[EXCERPTED DATA — start]

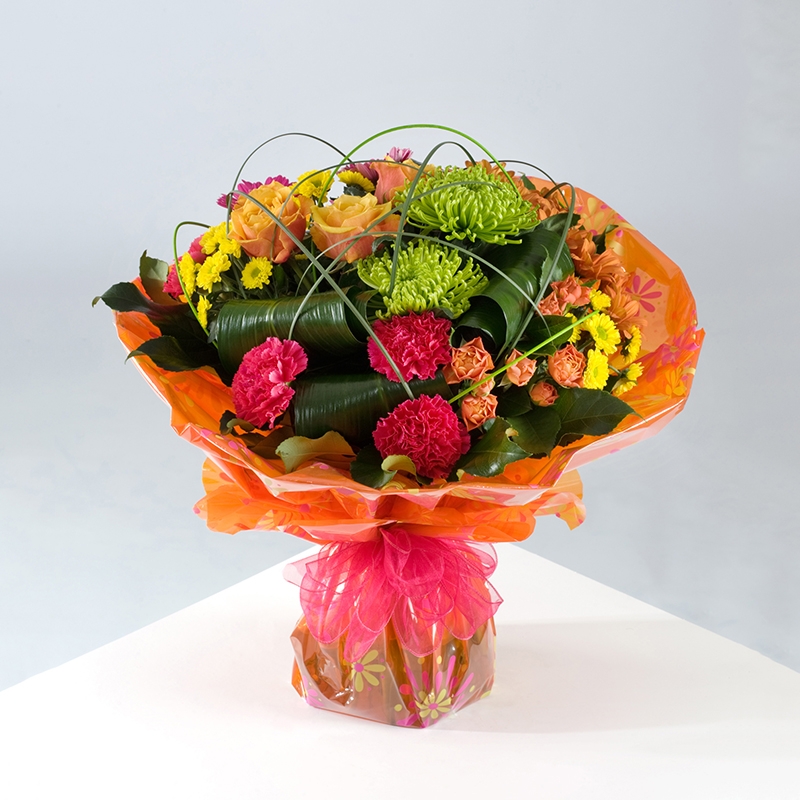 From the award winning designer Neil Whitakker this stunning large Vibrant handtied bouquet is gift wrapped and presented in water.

[EXCERPTED DATA — finish]
[EXCERPTED DATA — start]

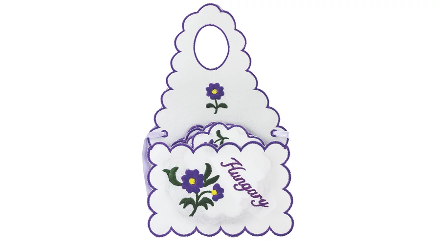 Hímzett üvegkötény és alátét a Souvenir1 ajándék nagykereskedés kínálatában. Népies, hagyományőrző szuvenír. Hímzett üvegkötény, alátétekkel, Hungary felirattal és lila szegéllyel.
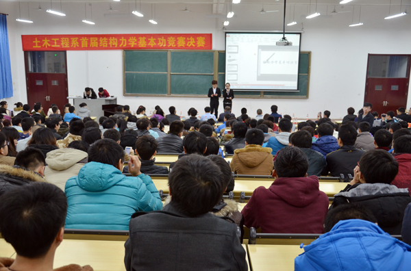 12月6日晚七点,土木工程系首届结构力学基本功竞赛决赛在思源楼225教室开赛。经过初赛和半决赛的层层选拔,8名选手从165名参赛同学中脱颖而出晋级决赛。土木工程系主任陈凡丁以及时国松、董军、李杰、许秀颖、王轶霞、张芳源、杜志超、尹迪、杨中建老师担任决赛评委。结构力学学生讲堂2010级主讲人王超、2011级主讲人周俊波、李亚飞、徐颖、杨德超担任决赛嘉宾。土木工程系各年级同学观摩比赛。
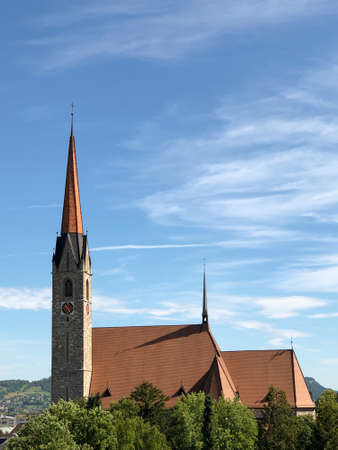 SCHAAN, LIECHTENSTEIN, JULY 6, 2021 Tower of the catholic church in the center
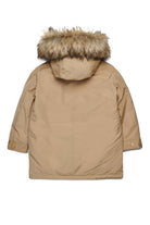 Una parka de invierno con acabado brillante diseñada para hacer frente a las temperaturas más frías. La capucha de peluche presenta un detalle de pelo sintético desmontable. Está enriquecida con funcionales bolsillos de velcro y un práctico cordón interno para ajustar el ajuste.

[EXCERPTED DATA — finish]

Among the entries above, copy exactly the stretch from the line holding "12月6日晚七点,土木工程系" through the line holding "SCHAAN, LIECHTENSTEIN, JULY", leaving out any pictures.

 12月6日晚七点,土木工程系首届结构力学基本功竞赛决赛在思源楼225教室开赛。经过初赛和半决赛的层层选拔,8名选手从165名参赛同学中脱颖而出晋级决赛。土木工程系主任陈凡丁以及时国松、董军、李杰、许秀颖、王轶霞、张芳源、杜志超、尹迪、杨中建老师担任决赛评委。结构力学学生讲堂2010级主讲人王超、2011级主讲人周俊波、李亚飞、徐颖、杨德超担任决赛嘉宾。土木工程系各年级同学观摩比赛。
 SCHAAN, LIECHTENSTEIN, JULY 6, 2021 Tower of the catholic church in the center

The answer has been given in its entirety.